With an oxygen mask that was too big for her, Nyanene was not rumpled. In fact, she had no strength. She had a whole medical team for herself, who put her injections, made cardiac massages, changed the serum and even treated her with tenderness when needed. But at three in the afternoon, in that dreaded hospital of the Red Cross, the generator broke down and everything was left in the dark. The device that helped Nyanene to breathe also stopped working. The baby, exhausted with so much effort, decided to go to sleep under her mother’s desperate cry. She did not wake up anymore. It did not matter the generator was fixed a bit later. The girl no longer needed it.

In May 2016, I witnessed the toughest death. A child who surrendered after a rampant fight. A girl who was not guilty of being born in an almost abandoned village of South Sudan. Nyanene got sick at the wrong place of an unfair geography. Any baby in her same situation in a hospital in Barcelona, ​​Paris, New York or Tokyo would have probably survived. In South Sudan, no.

Probably, Nyanene, if she had overcome the failure of the generator, would have died anyway for any other reason a few days later. She was too weak and had too many needs that her environment no longer could satisfy. Her serious malnutrition that suffered been exposed her to any kind of illness. In fact, the deaths of those malnourished do not come by direct starvation, but rather by other consequences, such as dehydration, infections, respiratory insufficiencies … A badly-fueled body has very few defenses to face the dangers that surround her.

I accompanied Nyanene in her last 24 hours of life. At first I did not expect to witness at such a catastrophic end, but as time passed, the fatality was taking a clearer shape. And this did not made sadness lighter. The mother was the first to collapse. She showed that an unfair death in Africa, although it happens very often, is no more passable than another in Europe.

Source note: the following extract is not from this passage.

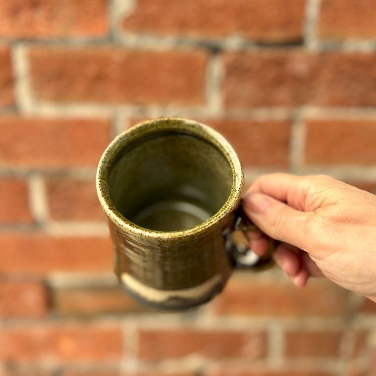 Gorgeous handmade pottery. This locally made mug features the Calgary Tower, perfectly capturing Calgary's iconic skyline scenic. Gorgeous handmade kitchenware made locally. Each has a distinct earthy toned glaze with hues or green, brown, and blues. No two are alike.

After the weeping, silence came. I accompanied the Nyanene’s mother and grandmother to their village. They carried the baby in arms, wrapped in a short blanket. I could see her feet and, for a moment, I thought she was just sleeping. I dreamed she would move her feet be and I would like to tickle her. But no. Her feet did not move. Silence was still present while the two women, mother and grandmother, walk that tiny corpse under the rain, dragging their mourning and cursing the misfortune of living in that lost corner of the world.